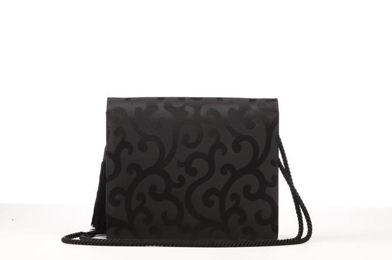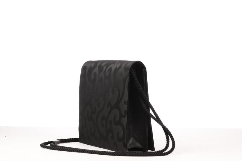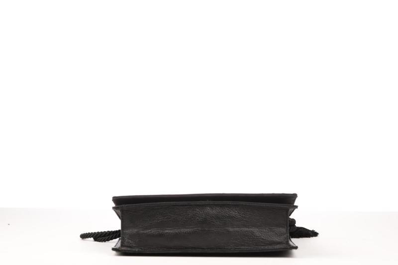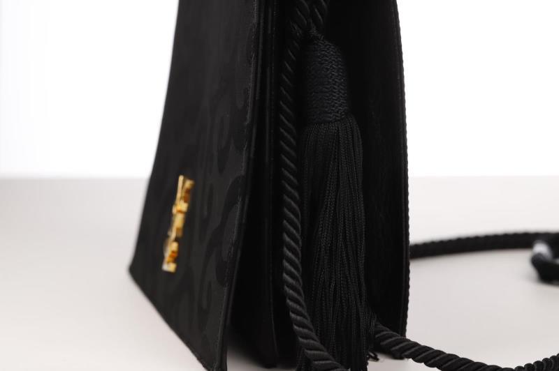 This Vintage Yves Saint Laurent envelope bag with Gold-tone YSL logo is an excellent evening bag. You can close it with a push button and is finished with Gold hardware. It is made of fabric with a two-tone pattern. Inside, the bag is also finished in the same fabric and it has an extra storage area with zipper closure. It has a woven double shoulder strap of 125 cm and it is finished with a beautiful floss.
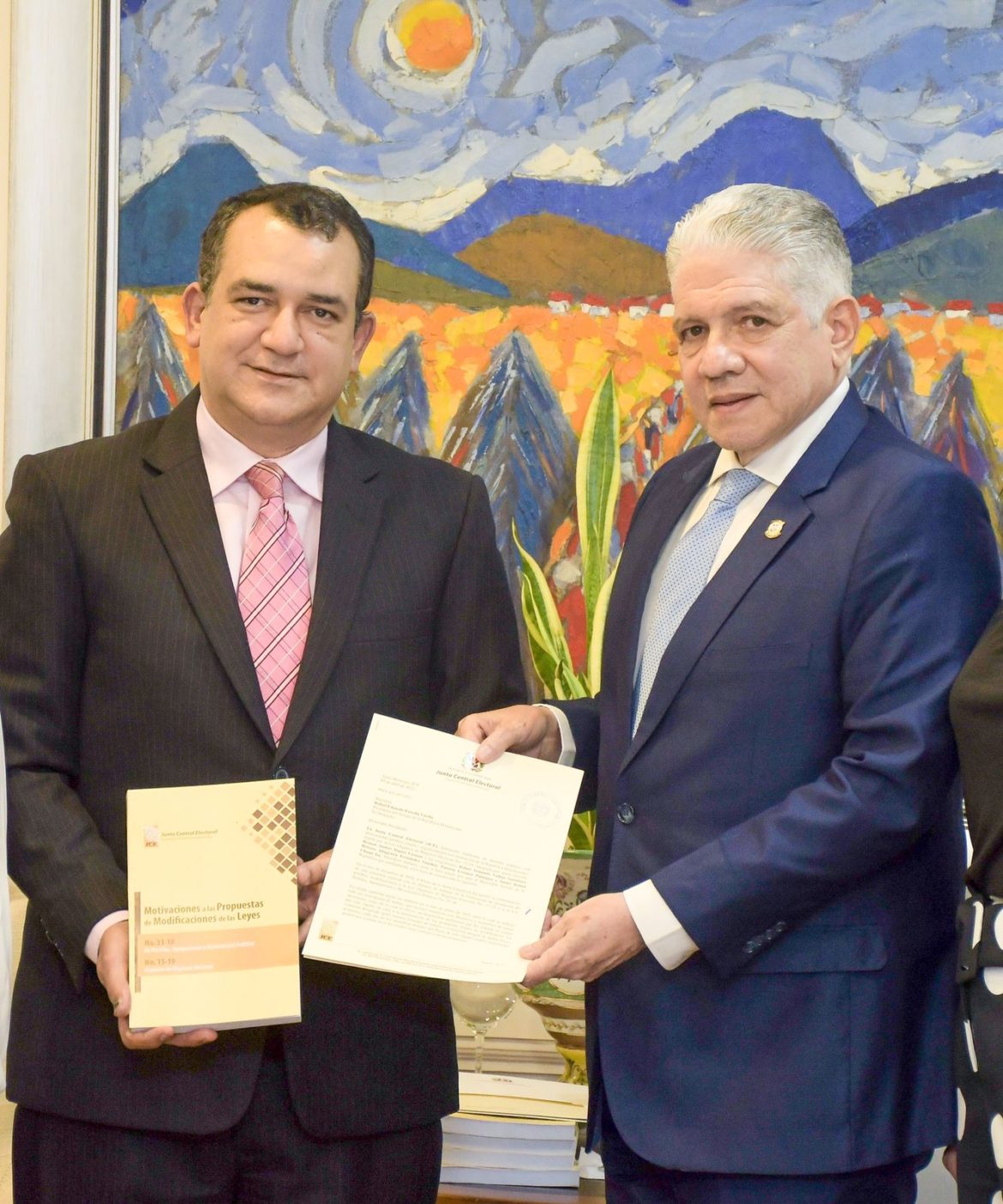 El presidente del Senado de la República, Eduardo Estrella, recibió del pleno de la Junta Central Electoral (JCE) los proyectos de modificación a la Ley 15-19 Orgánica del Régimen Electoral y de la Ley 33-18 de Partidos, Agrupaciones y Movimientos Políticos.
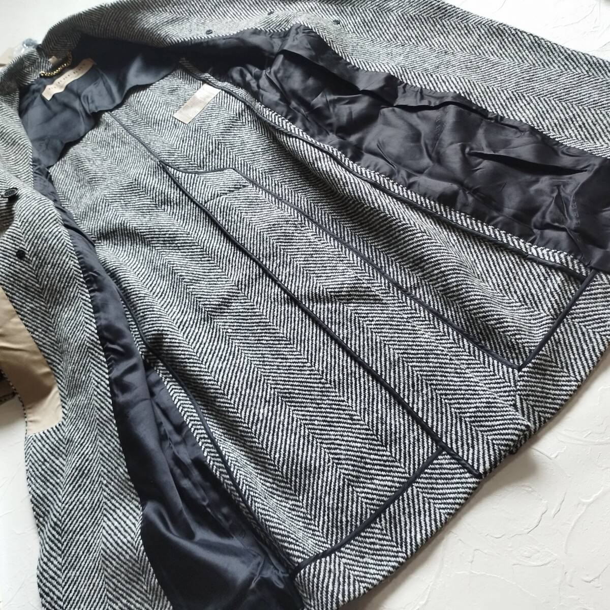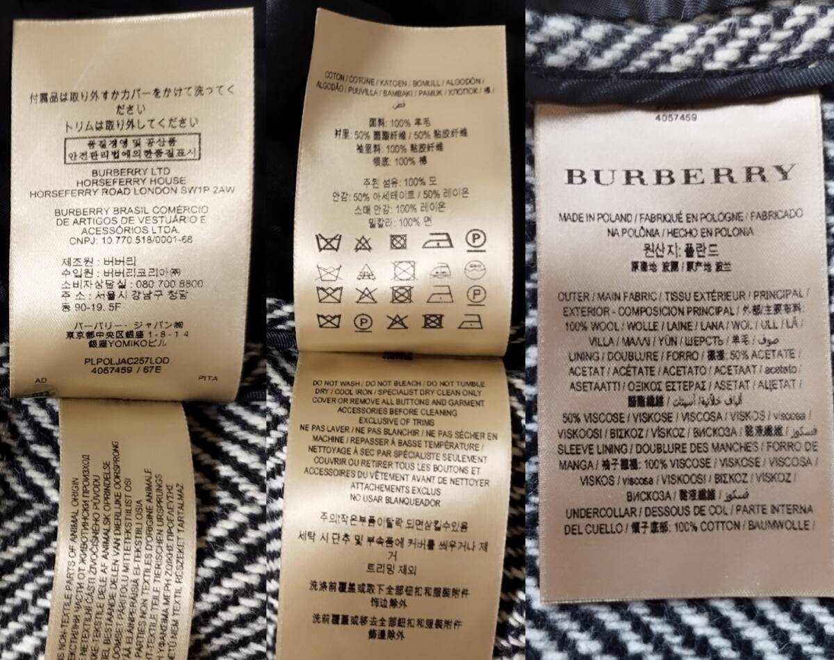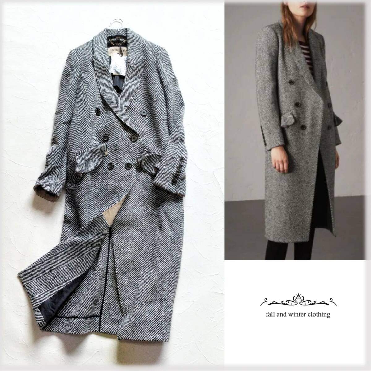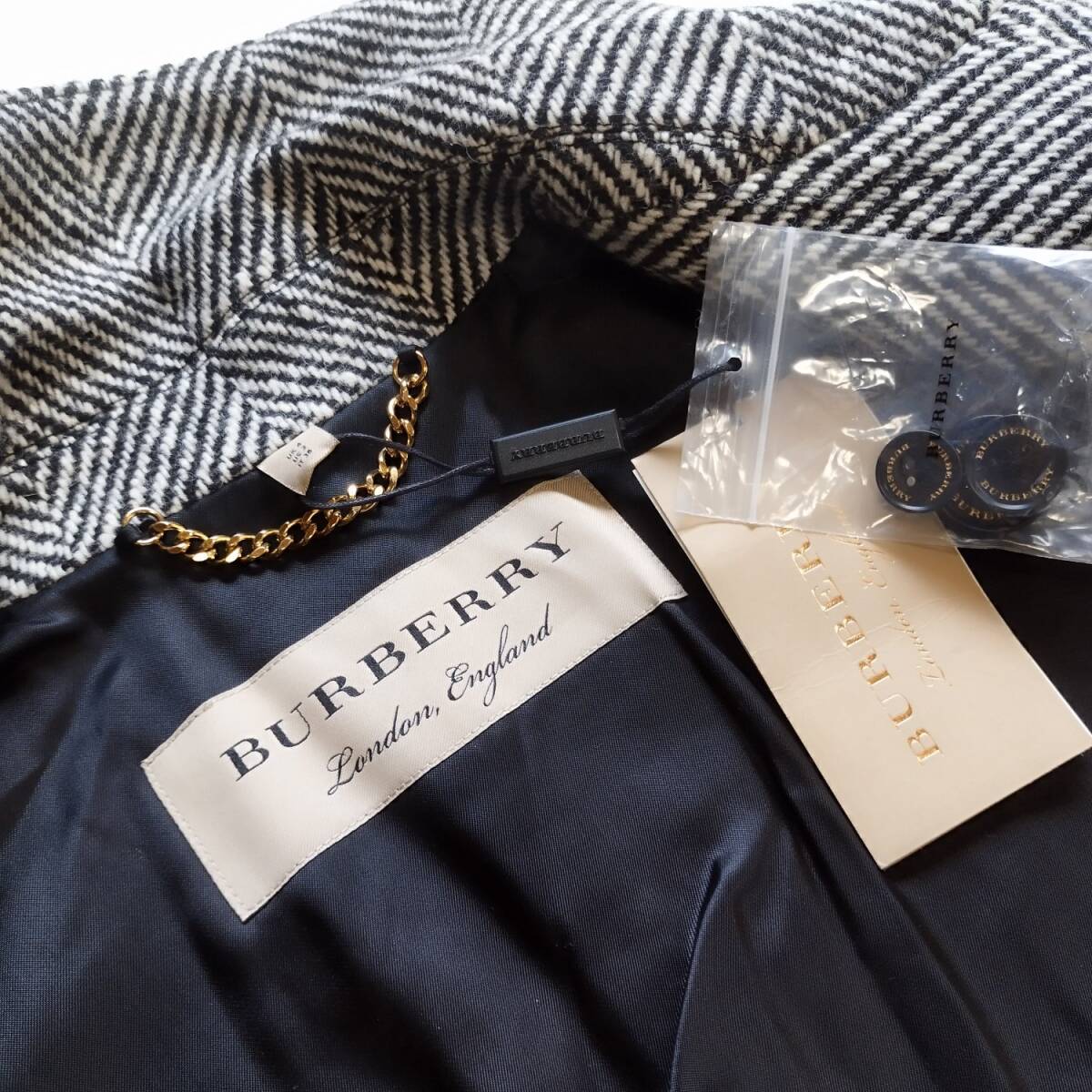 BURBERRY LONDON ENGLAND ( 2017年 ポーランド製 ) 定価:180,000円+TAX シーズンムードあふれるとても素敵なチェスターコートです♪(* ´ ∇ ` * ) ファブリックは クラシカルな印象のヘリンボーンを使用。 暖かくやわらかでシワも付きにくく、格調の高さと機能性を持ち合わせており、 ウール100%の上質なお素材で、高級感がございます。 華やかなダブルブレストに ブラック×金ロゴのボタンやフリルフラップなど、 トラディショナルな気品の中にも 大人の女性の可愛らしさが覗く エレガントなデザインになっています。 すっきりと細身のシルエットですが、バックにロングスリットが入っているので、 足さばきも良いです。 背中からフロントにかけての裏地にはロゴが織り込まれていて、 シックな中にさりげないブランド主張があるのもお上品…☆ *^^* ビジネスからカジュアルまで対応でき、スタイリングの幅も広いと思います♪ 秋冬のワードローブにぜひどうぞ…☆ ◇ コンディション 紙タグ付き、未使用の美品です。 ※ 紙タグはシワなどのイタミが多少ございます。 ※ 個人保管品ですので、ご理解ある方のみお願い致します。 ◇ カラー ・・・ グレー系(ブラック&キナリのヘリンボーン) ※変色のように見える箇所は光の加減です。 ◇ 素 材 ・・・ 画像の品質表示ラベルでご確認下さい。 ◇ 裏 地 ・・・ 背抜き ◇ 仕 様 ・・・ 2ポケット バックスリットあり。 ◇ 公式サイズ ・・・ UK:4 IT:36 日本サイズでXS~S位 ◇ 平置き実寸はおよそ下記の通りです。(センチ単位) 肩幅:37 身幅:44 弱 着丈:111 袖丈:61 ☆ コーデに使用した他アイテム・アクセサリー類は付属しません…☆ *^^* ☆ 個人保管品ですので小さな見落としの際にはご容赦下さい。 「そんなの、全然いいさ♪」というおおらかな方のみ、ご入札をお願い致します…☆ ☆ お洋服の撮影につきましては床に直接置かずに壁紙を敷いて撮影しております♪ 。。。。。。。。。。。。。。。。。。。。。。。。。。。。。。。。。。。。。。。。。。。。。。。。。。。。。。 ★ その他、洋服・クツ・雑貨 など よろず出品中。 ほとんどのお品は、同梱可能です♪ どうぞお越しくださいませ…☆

_Task requirements_
The lines to be transcribed are those from the first line of the data above through the line holding "El presidente del", inclusive; copy them exactly and only, leaving out the pictures.

_Task result_
 This Vintage Yves Saint Laurent envelope bag with Gold-tone YSL logo is an excellent evening bag. You can close it with a push button and is finished with Gold hardware. It is made of fabric with a two-tone pattern. Inside, the bag is also finished in the same fabric and it has an extra storage area with zipper closure. It has a woven double shoulder strap of 125 cm and it is finished with a beautiful floss.
 El presidente del Senado de la República, Eduardo Estrella, recibió del pleno de la Junta Central Electoral (JCE) los proyectos de modificación a la Ley 15-19 Orgánica del Régimen Electoral y de la Ley 33-18 de Partidos, Agrupaciones y Movimientos Políticos.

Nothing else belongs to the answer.